Task goal » Starting at the line containing "吞吐量就是 CPU 执行用户线程的的时间与" and ending at the line containing "每包酱料背后都表明了需要的食材分量以及步骤。", transcribe the listing below exactly. Keep both end lines, skip the pictures, and copy nothing else.

Exercise data »
+ + +
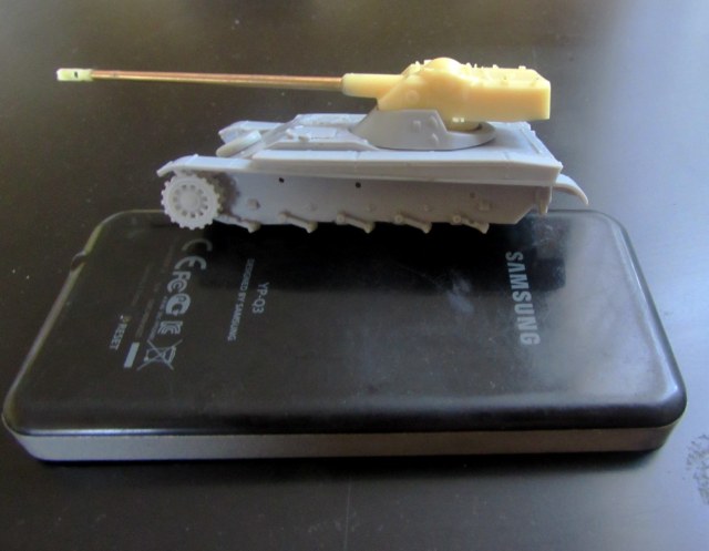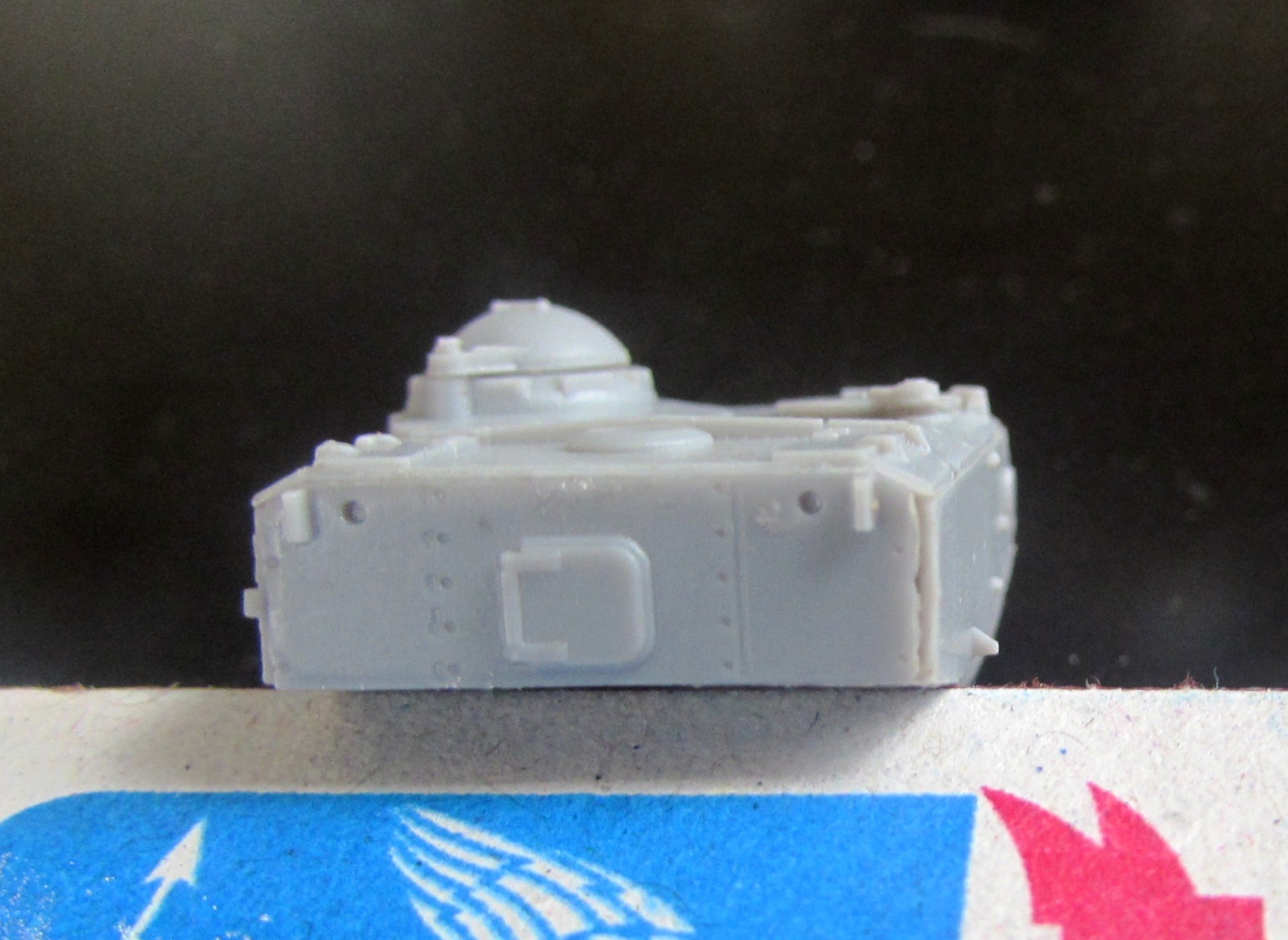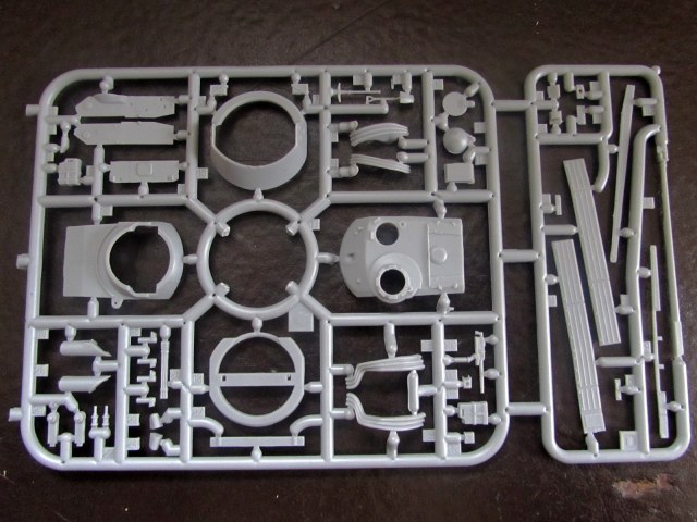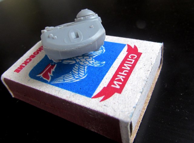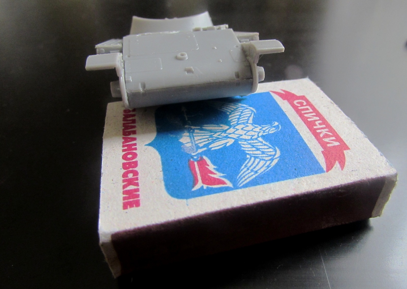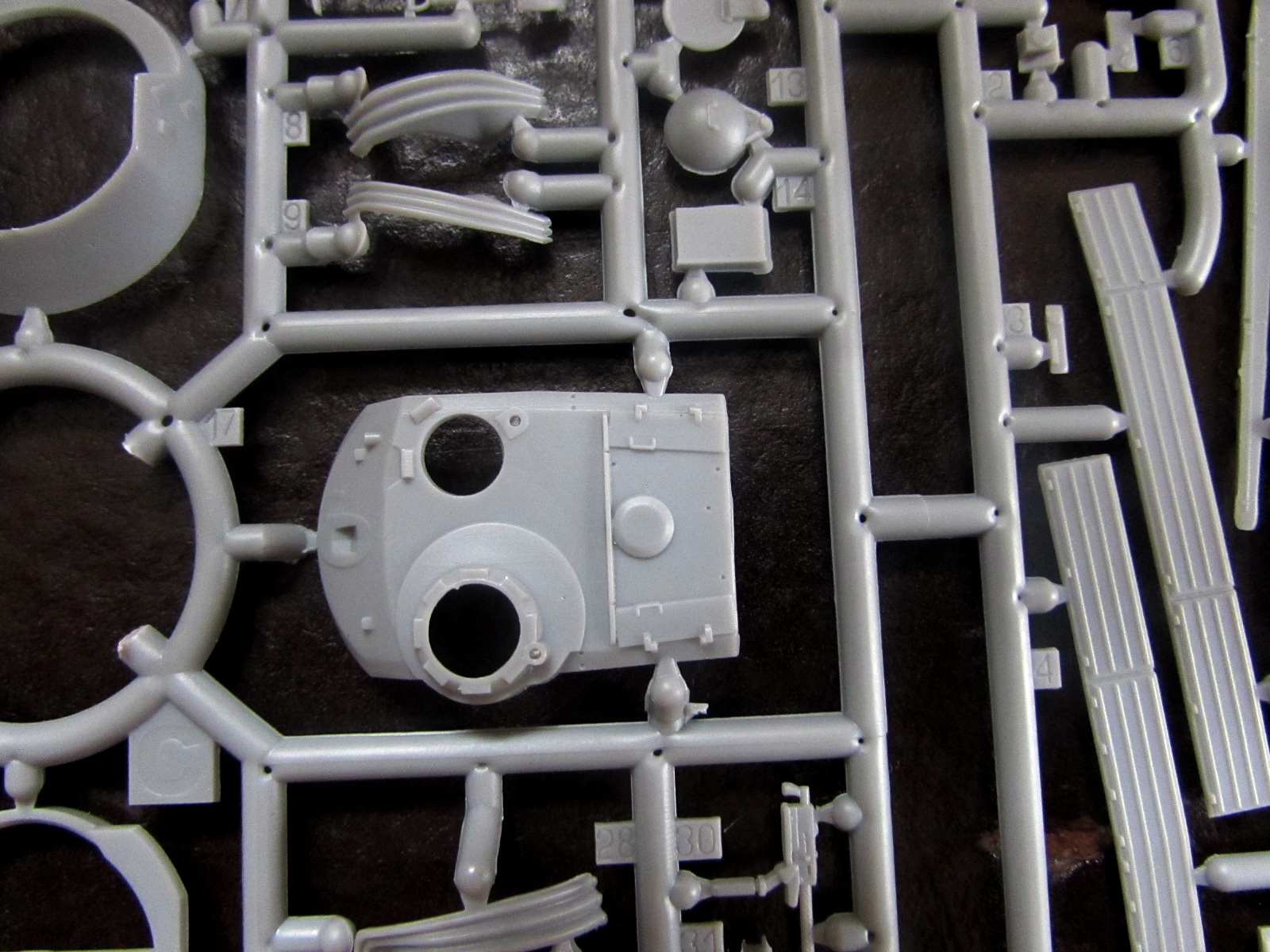 Вот тут все плохо. Главная беда АСЕ - переразмеренность/недоразмеренность мелких деталей - перешла и на обновленный дизайн. Т.Е. многие мелкие детали либо длиннее на 0,5-1,5 мм, чем надо (что не так страшно), либо короче на эти же самые доли миллиметра. ример этого можете видеть на фото кормы башни - деталька оказалась короче, чем надо. Деталь же В05 наоборот, длиннее и шире, да еще и с поплывшей нижней гранью. Тут модель очень напоминает вышедший парой лет раньше Т-60: корпус собирается не без проблем, но терпимо, башня и мелочевка - выноси святых. Ствол неплох, с облоем, но терим. При сравнении с аналогом от УМ ствол оказывается чуть короче.
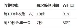 吞吐量就是 CPU 执行用户线程的的时间与 CPU 执行总时间的比值【吞吐量 = 运行用户代代码时间/(运行用户代码时间+垃圾收集时间)】,比如虚拟机一共运行了 100 分钟,其中垃圾收集花费了 1 分钟,那吞吐量就是 99% 。比如下面两个场景,垃圾收集器每 100 秒收集一次,每次停顿 10 秒,和垃圾收集器每 50 秒收集一次,每次停顿时间 7 秒,虽然后者每次停顿时间变短了,但是总体吞吐量变低了,CPU 总体利用率变低了。
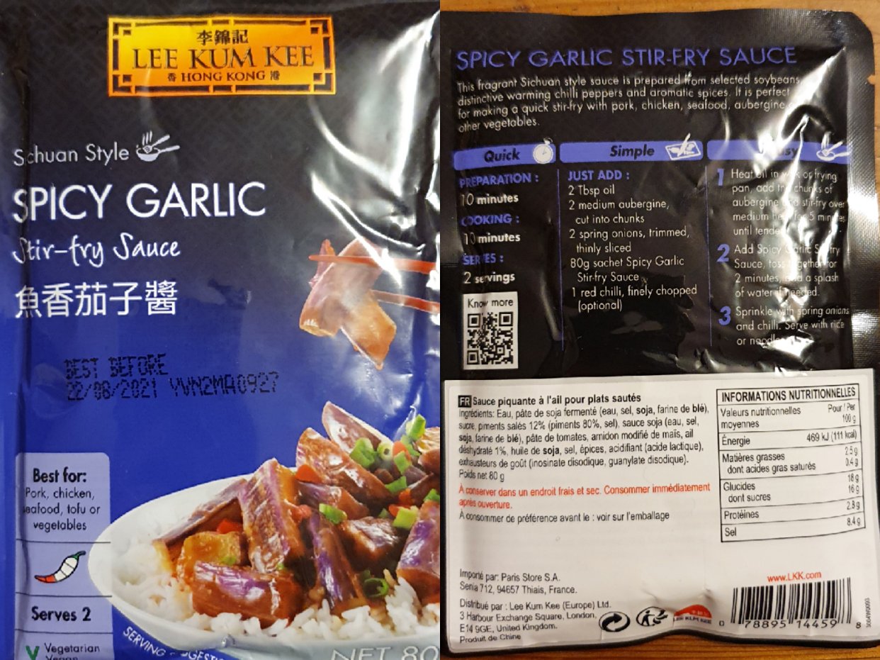 每包酱料背后都表明了需要的食材分量以及步骤。
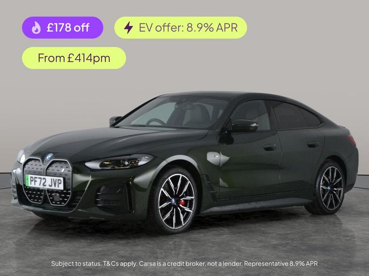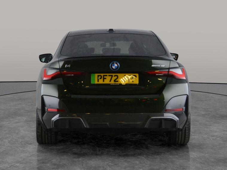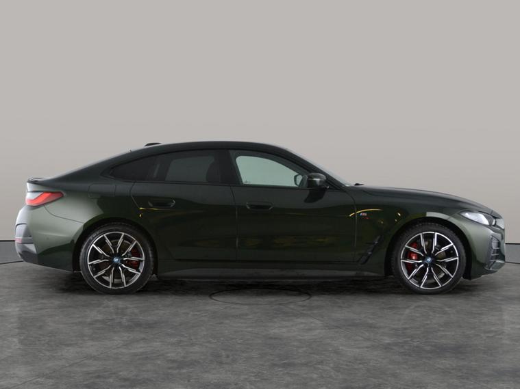 Experience the thrill of electric driving in this striking green BMW i4 M Sport. Enjoy the extra style and comfort of the M Sport Pro Package, plush Alcantara trim, and 19in M Light Y-Spoke alloy wheels. Rear privacy glass and sun protection glass add both privacy and sophistication. Stay connected with Apple CarPlay and the BMW Connected Package Professional, while features like adaptive cruise control, heated seats, keyless entry, and Park Assist make every journey a joy. Illuminate the road with LED headlights and relax with intuitive driving modes. 1 service recorded, last serviced on 10/01/2025 at 22, 101 miles. MOT to 25/01/2027. Visit our website for service history, online valuation, full vehicle specification plus multiple images. Certain features listed may be available via subscription packages at extra costs, please consult with BMW for details. This vehicle is VAT qualifying. Any feature/option specified here is from 3rd party data. We cannot guarantee the accuracy of any specification supplied by a 3rd party. We recommend that you physically check the specification of the vehicle on site prior to purchase. This information does not form part of the buying contract. Terms & Conditions apply. We have over 2, 000 cars available from our 10 national branches, check our website to see all our stock. Our Trustpilot rating is 4.4/5 with over 9, 000 reviews.
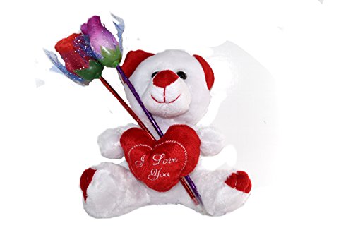 I Love You Red and White Teddy Bear with Two Ink Pen Roses,Plush:TB5
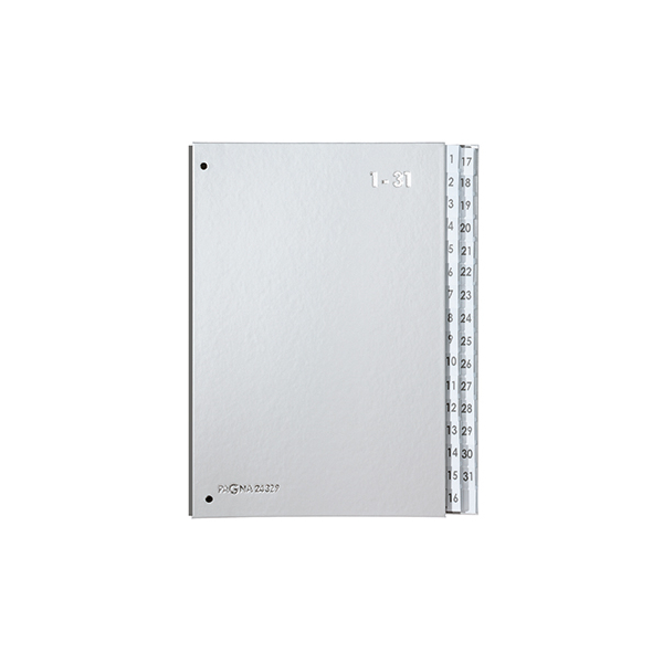 Die zwischenliegenden Blätter bestehen aus hochwertigem Spezialkarton und sind mit Sichtlöchern ausgestattet, die eine einfache Kennzeichnung und das schnelle Finden Ihrer Dokumente ermöglichen. Die überstehenden Kunststoff-Taben sind in der praktischen Registerteilung 1-31 angeordnet, sodass Sie problemlos auf Ihre Unterlagen zugreifen können.
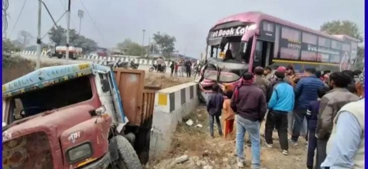 बताया जा रहा की बस में लगभग 10 यात्री बैठे थे। हादसा डम्पर के अचानक मुड़ने के कारण हुआ।
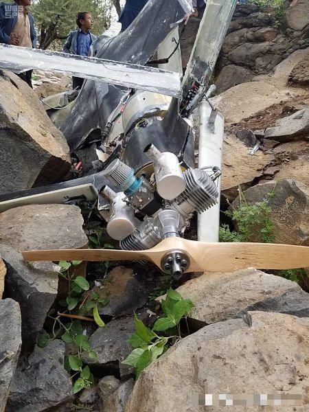 8月13日,也门联军发言人图尔基·马利基上校在当天的新闻发布会上证实,胡赛武装于当天上午发射的一架自杀无人机坠落在了北部的阿姆兰省境内,联军已经获得了该机的残骸。根据马利基上校在发布会上放出的图片可以识别出,这是一架胡赛在7月份刚刚公开的samad-1型无人机。由于坠落地点是山区的乱石堆,所以整机摔的比较散,但是机体后部保存的还比较完整,尤其是发动机部分并未受到严重创伤。虽然这款无人机实际上是伊朗转让的技术,但是从裸露出的发动机外形和上面的标志可以看出,它使用的居然是一家我国云南民企生产的小型民用发动机。
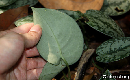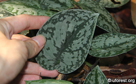 Scindapsus pictus can be commonly found creeping on forest floors of Bukit Timah and Central Catchment Nature Reserves. The leaves are distinct from the varigated colour. The younger leaves are heart-shaped and slightly sickled, while the adult ones (which I have yet to see) are more elongated (Keng et al., 1998). A silvery sheen can be seen when tilted at an angle under light.
+ + +
Exercise response »
 吞吐量就是 CPU 执行用户线程的的时间与 CPU 执行总时间的比值【吞吐量 = 运行用户代代码时间/(运行用户代码时间+垃圾收集时间)】,比如虚拟机一共运行了 100 分钟,其中垃圾收集花费了 1 分钟,那吞吐量就是 99% 。比如下面两个场景,垃圾收集器每 100 秒收集一次,每次停顿 10 秒,和垃圾收集器每 50 秒收集一次,每次停顿时间 7 秒,虽然后者每次停顿时间变短了,但是总体吞吐量变低了,CPU 总体利用率变低了。
 每包酱料背后都表明了需要的食材分量以及步骤。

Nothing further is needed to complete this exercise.